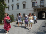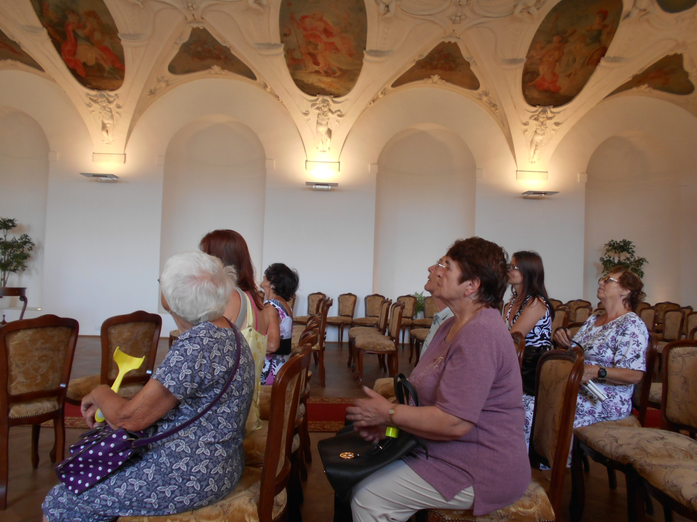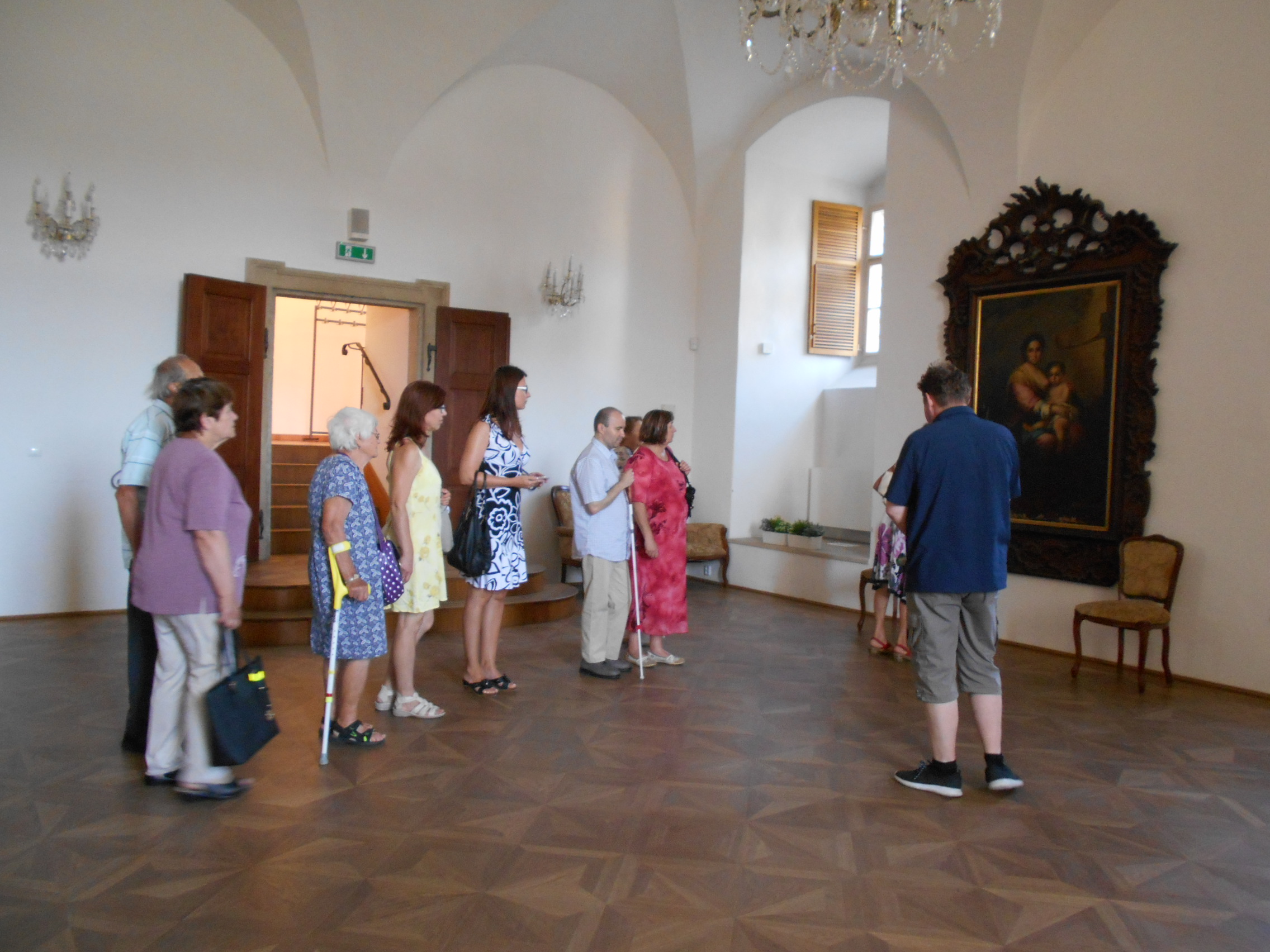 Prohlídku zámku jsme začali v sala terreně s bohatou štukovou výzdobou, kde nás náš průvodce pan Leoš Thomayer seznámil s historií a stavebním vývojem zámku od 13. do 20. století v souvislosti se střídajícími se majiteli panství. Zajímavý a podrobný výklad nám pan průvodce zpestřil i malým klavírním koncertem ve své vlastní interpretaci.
--
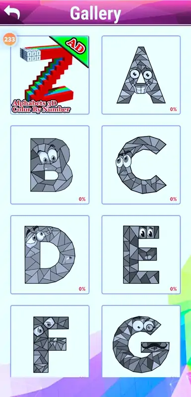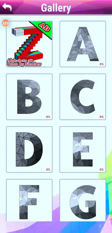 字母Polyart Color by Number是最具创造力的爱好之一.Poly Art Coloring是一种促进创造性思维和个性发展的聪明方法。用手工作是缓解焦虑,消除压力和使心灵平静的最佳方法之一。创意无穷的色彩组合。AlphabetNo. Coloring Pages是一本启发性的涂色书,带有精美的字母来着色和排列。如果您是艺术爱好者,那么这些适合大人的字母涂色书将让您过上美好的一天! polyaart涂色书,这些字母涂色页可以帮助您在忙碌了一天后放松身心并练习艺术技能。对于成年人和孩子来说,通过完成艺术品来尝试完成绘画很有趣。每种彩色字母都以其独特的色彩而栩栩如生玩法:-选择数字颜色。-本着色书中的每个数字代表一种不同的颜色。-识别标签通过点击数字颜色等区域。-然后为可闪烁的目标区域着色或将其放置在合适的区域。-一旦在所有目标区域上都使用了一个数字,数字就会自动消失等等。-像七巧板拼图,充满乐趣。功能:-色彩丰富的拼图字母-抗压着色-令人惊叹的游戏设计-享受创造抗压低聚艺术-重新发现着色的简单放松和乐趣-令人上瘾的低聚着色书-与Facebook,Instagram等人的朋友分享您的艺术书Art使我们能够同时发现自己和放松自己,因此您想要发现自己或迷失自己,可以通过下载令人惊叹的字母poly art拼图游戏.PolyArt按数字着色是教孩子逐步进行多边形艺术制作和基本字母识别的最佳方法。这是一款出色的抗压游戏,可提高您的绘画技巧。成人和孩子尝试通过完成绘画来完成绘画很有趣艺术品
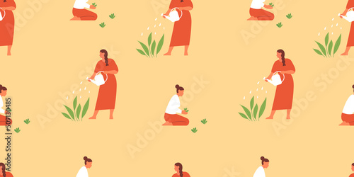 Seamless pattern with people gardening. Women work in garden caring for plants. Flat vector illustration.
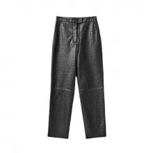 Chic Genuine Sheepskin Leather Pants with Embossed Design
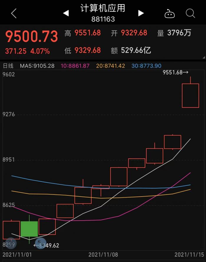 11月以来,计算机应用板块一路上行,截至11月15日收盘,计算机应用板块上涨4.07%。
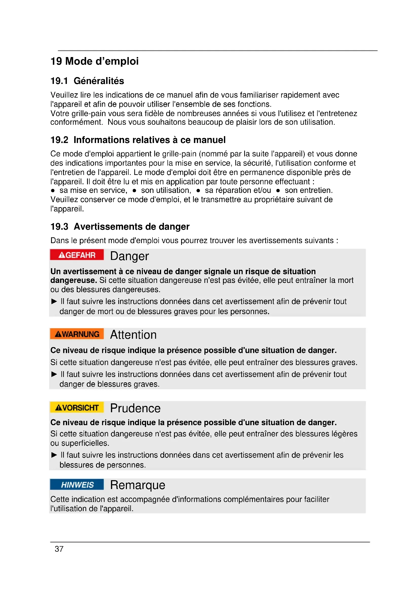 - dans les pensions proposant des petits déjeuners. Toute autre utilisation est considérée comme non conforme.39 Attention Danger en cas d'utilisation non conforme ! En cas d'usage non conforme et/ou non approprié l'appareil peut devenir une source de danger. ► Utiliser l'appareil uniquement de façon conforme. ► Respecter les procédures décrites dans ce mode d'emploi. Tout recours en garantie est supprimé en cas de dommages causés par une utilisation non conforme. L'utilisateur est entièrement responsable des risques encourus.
==
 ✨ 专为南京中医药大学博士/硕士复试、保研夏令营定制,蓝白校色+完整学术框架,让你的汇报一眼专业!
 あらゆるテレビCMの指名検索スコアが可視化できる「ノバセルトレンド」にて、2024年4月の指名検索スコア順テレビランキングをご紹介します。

### [Required action]
Make an exact copy of the lines above, beginning with the line with "11月以来,计算机应用板块一" and ending with the line with "- dans les pensions", and keep the pictures out of it.

### [Reply]
 11月以来,计算机应用板块一路上行,截至11月15日收盘,计算机应用板块上涨4.07%。
 - dans les pensions proposant des petits déjeuners. Toute autre utilisation est considérée comme non conforme.39 Attention Danger en cas d'utilisation non conforme ! En cas d'usage non conforme et/ou non approprié l'appareil peut devenir une source de danger. ► Utiliser l'appareil uniquement de façon conforme. ► Respecter les procédures décrites dans ce mode d'emploi. Tout recours en garantie est supprimé en cas de dommages causés par une utilisation non conforme. L'utilisateur est entièrement responsable des risques encourus.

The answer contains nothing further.